Savaşların göçlerin en büyük nedenlerinden biri olduğunu kaydeden Yoleri, Ortadoğu’daki savaşların devam etmesi halinde kitlesel göçlerin kaçınılmaz olduğunu belirtti. Yoleri, şunları söyledi: “Göç yollarında cinsel saldırılar, istismar ve insan tacirlerinin eline düşme gibi risklerle karşı karşıyalar. Türkiye’de İstanbul Sözleşmesi’nden çekilme, mülteci kadın ve çocukların korunmasını zorlaştırdı. Erken yaşta evlilikler, kız çocuklarının ticarete konu edilmesi, fuhuşa zorlanma ve organ ticareti gibi sorunlar devam ediyor. Eğitime erişimdeki zorluklar ve sağlık hizmetlerindeki yetersizlikler özellikle anne ve bebek sağlığını tehdit ediyor.”

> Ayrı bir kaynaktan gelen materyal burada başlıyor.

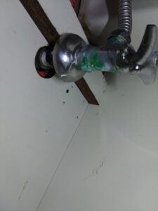 ご了承を頂いてさらに詳しく点検すると、洗面台の止水栓が経年劣化によりポキッと折れてしまっており、それが原因で水が吹き出してしまったようです。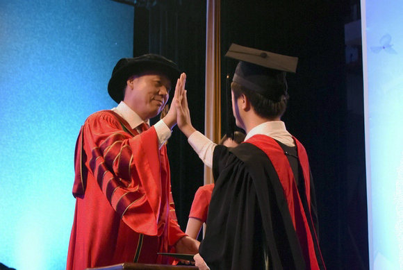 信息科学与技术学院本科毕业生汤超俊走上台,对校长说“Give me five”,希望校长给予他力量,校长很爽快地答应他,配合了击掌。下台后,他仍难掩激动之情:“这是我人生中独一无二的十秒!”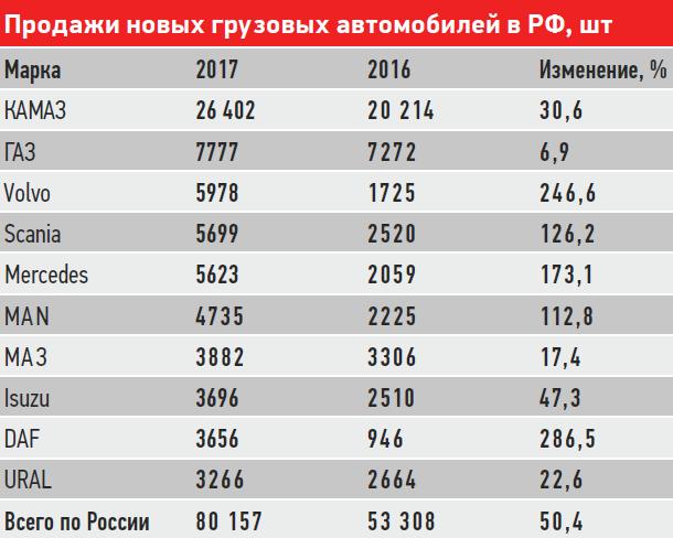 Аналитическое агентство «Автостат» опубликовало данные по продажам новых грузовиков и коммерческого транспорта в России. В обоих сегментах по итогам 2017 года – существенный рост. При этом увеличение спроса на грузовики у некоторых компаний выражается аж в трехзначных цифрах. Среди рекордсменов – Volvo, Scania и Mercedes-Benz. КамАЗ, на долю которого приходится треть нашего рынка новых грузовиков, показал рост на 30,6%.

Yoleri, sözlerini şöyle sürdürdü: “Mülteci sorunlarının çözümü için sığınma hakkının tereddütsüz bir şekilde kabul edilmesi gerekiyor. Türkiye’nin iç hukukunda ve uluslararası sözleşmelerde tanımlı bu hak sağlıklı bir şekilde uygulanmalı. Göç ve mülteci politikalarının insan hakları temelli oluşturulması, çalışma izni, eğitim ve sağlık erişimindeki kısıtlamaların kaldırılması şart. Kadınlar, çocuklar ve engelliler gibi kırılgan gruplar için özel koruyucu mekanizmalar geliştirilmeli. Türkiye’nin 1951 Cenevre Sözleşmesi’ne koyduğu coğrafi çekince kaldırılmalı. Böylece Asya ve Afrika’dan gelenlerin mülteci statüsüne erişimi sağlanmalı. Bu adımlar, mültecilerin yaşadığı sorunların kısmen aşılmasını sağlayabilir.”